▶ [Data extract]:
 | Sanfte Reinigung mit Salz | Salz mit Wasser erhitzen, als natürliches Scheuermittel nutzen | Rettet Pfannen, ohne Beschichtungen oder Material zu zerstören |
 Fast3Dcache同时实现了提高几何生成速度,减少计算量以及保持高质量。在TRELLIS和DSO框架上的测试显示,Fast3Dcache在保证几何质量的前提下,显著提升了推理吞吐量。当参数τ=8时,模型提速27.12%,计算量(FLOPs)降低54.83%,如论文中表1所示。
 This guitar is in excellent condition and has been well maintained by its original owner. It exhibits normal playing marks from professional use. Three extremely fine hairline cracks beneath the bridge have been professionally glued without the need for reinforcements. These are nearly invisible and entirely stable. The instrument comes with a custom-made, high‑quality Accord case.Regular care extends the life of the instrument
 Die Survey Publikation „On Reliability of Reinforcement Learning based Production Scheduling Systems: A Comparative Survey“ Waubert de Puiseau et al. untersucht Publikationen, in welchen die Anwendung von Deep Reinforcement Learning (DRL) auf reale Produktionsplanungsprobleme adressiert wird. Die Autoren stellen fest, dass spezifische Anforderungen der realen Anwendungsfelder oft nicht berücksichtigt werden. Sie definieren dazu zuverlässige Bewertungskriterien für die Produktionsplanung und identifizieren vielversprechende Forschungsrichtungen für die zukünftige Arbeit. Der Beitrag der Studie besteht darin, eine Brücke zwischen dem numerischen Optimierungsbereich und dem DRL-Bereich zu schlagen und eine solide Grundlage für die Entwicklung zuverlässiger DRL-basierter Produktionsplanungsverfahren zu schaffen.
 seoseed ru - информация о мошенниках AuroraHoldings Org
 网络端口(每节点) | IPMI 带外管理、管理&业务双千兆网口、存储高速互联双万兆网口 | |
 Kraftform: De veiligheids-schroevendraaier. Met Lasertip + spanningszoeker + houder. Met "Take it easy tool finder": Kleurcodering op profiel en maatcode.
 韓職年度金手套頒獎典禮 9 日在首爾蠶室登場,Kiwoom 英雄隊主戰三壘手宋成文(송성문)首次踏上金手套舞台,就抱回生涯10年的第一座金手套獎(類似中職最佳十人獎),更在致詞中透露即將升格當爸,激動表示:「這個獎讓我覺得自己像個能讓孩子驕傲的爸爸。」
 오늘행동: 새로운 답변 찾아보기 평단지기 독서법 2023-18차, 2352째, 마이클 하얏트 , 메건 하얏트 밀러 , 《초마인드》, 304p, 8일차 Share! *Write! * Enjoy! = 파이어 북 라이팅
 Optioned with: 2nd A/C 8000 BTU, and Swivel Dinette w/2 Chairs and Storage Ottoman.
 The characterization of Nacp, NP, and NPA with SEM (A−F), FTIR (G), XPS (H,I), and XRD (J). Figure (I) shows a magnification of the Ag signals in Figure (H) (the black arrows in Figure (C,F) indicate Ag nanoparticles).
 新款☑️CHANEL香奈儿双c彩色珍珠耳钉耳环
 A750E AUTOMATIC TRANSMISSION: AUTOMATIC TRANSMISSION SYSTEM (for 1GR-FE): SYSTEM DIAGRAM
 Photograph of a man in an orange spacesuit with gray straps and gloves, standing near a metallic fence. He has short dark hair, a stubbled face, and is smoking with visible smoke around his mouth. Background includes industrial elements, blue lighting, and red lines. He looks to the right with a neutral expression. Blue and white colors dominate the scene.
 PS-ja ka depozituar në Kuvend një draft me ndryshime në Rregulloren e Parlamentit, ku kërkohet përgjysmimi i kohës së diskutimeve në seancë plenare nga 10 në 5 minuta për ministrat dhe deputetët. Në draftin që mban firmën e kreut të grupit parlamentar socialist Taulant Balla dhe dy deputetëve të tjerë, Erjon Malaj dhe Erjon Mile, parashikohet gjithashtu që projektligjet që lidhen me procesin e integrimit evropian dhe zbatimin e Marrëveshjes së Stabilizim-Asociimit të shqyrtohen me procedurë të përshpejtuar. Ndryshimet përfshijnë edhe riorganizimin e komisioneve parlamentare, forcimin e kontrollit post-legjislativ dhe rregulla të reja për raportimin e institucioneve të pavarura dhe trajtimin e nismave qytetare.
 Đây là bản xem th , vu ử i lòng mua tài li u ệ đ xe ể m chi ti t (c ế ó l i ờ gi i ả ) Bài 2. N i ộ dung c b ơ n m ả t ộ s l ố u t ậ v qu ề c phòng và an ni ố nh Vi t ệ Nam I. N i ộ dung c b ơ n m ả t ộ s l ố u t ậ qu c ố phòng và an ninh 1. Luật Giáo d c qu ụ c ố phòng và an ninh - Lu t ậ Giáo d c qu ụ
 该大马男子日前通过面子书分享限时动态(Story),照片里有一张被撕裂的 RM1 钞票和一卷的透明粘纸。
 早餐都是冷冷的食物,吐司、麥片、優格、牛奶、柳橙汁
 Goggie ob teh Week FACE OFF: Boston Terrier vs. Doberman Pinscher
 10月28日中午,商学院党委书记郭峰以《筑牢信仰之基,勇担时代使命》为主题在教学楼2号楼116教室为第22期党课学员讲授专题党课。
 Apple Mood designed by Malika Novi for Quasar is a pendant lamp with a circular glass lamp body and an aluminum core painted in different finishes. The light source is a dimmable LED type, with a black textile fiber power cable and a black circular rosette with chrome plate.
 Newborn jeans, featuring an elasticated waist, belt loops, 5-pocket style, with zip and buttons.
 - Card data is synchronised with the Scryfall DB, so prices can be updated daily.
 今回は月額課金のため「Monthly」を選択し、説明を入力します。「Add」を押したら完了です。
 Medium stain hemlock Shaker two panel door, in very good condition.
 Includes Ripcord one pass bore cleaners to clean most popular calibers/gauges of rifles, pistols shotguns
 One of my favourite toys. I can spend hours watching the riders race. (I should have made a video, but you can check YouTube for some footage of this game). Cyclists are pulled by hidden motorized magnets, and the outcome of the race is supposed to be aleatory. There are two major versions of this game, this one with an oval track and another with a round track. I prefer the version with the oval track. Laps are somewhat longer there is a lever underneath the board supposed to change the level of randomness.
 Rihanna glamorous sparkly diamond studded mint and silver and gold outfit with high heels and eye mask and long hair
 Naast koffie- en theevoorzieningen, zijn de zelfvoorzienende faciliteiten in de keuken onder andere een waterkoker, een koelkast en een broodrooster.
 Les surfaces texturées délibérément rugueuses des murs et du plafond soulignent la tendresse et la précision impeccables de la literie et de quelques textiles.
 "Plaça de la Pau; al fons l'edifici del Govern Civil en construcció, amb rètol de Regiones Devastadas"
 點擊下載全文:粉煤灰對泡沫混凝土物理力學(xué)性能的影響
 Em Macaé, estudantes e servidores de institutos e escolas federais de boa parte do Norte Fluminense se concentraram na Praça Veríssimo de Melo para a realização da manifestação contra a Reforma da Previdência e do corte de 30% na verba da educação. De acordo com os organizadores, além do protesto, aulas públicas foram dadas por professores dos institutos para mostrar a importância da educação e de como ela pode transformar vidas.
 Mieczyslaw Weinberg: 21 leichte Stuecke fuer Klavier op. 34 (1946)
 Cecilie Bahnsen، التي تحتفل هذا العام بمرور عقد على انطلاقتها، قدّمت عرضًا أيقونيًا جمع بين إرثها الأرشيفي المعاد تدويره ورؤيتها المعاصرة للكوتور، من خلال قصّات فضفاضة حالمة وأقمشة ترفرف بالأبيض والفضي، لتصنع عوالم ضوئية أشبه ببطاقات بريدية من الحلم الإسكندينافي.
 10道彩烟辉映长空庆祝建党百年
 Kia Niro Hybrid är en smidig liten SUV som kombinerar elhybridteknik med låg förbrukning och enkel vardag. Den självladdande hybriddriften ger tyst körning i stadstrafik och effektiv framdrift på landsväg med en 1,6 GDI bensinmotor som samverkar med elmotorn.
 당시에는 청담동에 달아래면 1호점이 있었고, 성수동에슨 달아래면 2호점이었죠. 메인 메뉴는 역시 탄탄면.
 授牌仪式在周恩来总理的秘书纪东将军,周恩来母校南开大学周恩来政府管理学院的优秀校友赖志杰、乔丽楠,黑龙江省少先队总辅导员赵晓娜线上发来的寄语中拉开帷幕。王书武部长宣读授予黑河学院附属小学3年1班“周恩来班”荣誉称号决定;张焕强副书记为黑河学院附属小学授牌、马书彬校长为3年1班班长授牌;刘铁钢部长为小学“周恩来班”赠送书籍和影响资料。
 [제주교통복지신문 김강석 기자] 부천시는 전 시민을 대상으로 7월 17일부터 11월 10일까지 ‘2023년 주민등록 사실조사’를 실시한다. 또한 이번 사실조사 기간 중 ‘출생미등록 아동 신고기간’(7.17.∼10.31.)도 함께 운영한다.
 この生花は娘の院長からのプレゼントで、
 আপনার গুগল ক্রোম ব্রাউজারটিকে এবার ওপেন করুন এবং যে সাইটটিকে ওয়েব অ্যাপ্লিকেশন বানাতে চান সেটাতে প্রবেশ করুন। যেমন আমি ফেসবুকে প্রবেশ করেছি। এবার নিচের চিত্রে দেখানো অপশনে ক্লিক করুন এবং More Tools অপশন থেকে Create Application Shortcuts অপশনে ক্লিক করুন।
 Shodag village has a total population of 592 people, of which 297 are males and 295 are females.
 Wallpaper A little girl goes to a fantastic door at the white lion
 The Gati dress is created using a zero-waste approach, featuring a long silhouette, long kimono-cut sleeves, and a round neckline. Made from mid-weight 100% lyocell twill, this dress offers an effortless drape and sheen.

▶ [What to produce]: Within the material above, the line with "Newborn jeans, featuring" opens the range and the line with "Mieczyslaw Weinberg: 21" closes it; reproduce that range word for word.

▶ [Problem solution]:
 Newborn jeans, featuring an elasticated waist, belt loops, 5-pocket style, with zip and buttons.
 - Card data is synchronised with the Scryfall DB, so prices can be updated daily.
 今回は月額課金のため「Monthly」を選択し、説明を入力します。「Add」を押したら完了です。
 Medium stain hemlock Shaker two panel door, in very good condition.
 Includes Ripcord one pass bore cleaners to clean most popular calibers/gauges of rifles, pistols shotguns
 One of my favourite toys. I can spend hours watching the riders race. (I should have made a video, but you can check YouTube for some footage of this game). Cyclists are pulled by hidden motorized magnets, and the outcome of the race is supposed to be aleatory. There are two major versions of this game, this one with an oval track and another with a round track. I prefer the version with the oval track. Laps are somewhat longer there is a lever underneath the board supposed to change the level of randomness.
 Rihanna glamorous sparkly diamond studded mint and silver and gold outfit with high heels and eye mask and long hair
 Naast koffie- en theevoorzieningen, zijn de zelfvoorzienende faciliteiten in de keuken onder andere een waterkoker, een koelkast en een broodrooster.
 Les surfaces texturées délibérément rugueuses des murs et du plafond soulignent la tendresse et la précision impeccables de la literie et de quelques textiles.
 "Plaça de la Pau; al fons l'edifici del Govern Civil en construcció, amb rètol de Regiones Devastadas"
 點擊下載全文:粉煤灰對泡沫混凝土物理力學(xué)性能的影響
 Em Macaé, estudantes e servidores de institutos e escolas federais de boa parte do Norte Fluminense se concentraram na Praça Veríssimo de Melo para a realização da manifestação contra a Reforma da Previdência e do corte de 30% na verba da educação. De acordo com os organizadores, além do protesto, aulas públicas foram dadas por professores dos institutos para mostrar a importância da educação e de como ela pode transformar vidas.
 Mieczyslaw Weinberg: 21 leichte Stuecke fuer Klavier op. 34 (1946)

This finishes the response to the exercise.